'Unacceptable Behaviour' and the Home Office

Beware! Making certain statements can be "unacceptable behaviour". Visitors to the UK have been denied entry because of them.



"You have brought yourself within the scope of the list of unacceptable behaviours by making statements that may foster hatred which might lead to inter-community violence ..."

wrote the Home Secretary to Robert Spencer, excluding him from the UK.

So "unacceptable behaviour" includes any utterance which may foster hatred that might lead to violence. Note that there do not have to be any actual acts of hatred or any violence: only the possibility that there might be. Everything could be stillness and peace, but "unacceptable behaviour" could still have been, as it were, committed. It is an extremely wide-reaching concept.

As it happens, Robert Spencer, who has written a dozen best-seller books and hundreds of articles, has NEVER advocated hatred or violence. He writes and speaks in defence of freedom of conscience, freedom of speech, and equality of all people before the law, all three of which, denied by Islam, are not available under Islamic jurisdictions. The category of "unacceptable behaviour" does not fit his actions. There will probably be an appeal. After all, the exclusion by Jacqueline Smith when Home Secretary of the Dutch politician Geert Wilders was later ruled unlawful by the court. Mr. Wilders wonders whether Theresa May has forgotten.

No doubt Keith Vaz and followers, who sought this exclusion, consider it firm and admirable of the Home Secretary to make such high demands of visitors to the UK. What would they make of the following statements?

"As a Muslim I must have hatred towards everything that is non-Islam",
"Our campaign will be ... destroying the foundations of Western civilisation",
"There is a place for violence in Islam",
"Nothing else is mentioned more than the topic of fighting in the Koran",
"If you steal, you know you will face having your hands and feet cut off".

These sound very much as if they "may foster hatred which might lead to inter-community violence". Are they not "unacceptable behaviour"? As it happens, these statements are all by Anjem Choudary. He, though, is not a visitor, but a resident. Are the same standards to be applied to residents? The Mail has pointed out that Choudary "has been secretly taped urging his followers to raise money for Islamic fighters in Afghanistan and Iraq, saying this would help them kill the 'butchers and cowards' from the U.S. and Britain."

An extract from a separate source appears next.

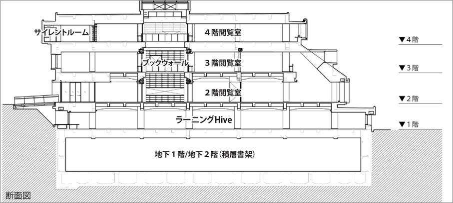 既存図書館の考え方を継承し、上階ほど静かで落ち着いたフロア構成を目指します。

Think for a moment about the Woolwich Jihad self-confessed killer, Michael Adebolajo. He, a Nigerian, was brought up Christian, knowing nothing about Islam. It was in his teen years that he turned to Islam. Who was it who taught him? He appeared in the company of Anjem Choudary [top picture], holding a banner, and speaking out loudly in support of Islam. Anjem Choudary is an imam, teaching Islam, and teaching "hatred towards everything that is non-Islam". He teaches the Koran. He teaches Sura At-Tawba (chapter 9) which says, "Kill the unbelievers wherever you find them" (verse 5), and is the chapter specifically cited by Adebolajo, who said, after killing the infidel soldier, "We are forced by the Koran in Sura At-Tawba ...".

The Koran is not arranged in chronological order, and that chapter, Sura At-Tawba, is in time terms the latest complete one. Under Islam's doctrine of 'abrogation' it overrides and 'abrogates', that is, cancels out, all the peaceful verses elsewhere in the Koran because they are earlier. The Koran commands the killing of non-Muslims. This is what an imam teaches.

Do Mr Choudary's statements fit the category of "unacceptable behaviour"? When he teaches Sura At-Tawba is he not "making statements that may foster hatred which might lead to inter-community violence ..."? As is all too well known, there was indeed a hideous act of inter-community violence committed by one of his listeners citing Sura At-Tawba – the Islamic Jihad killing of a British soldier, an "enemy of Allah", in accordance with the Koran. Where is the action by the State?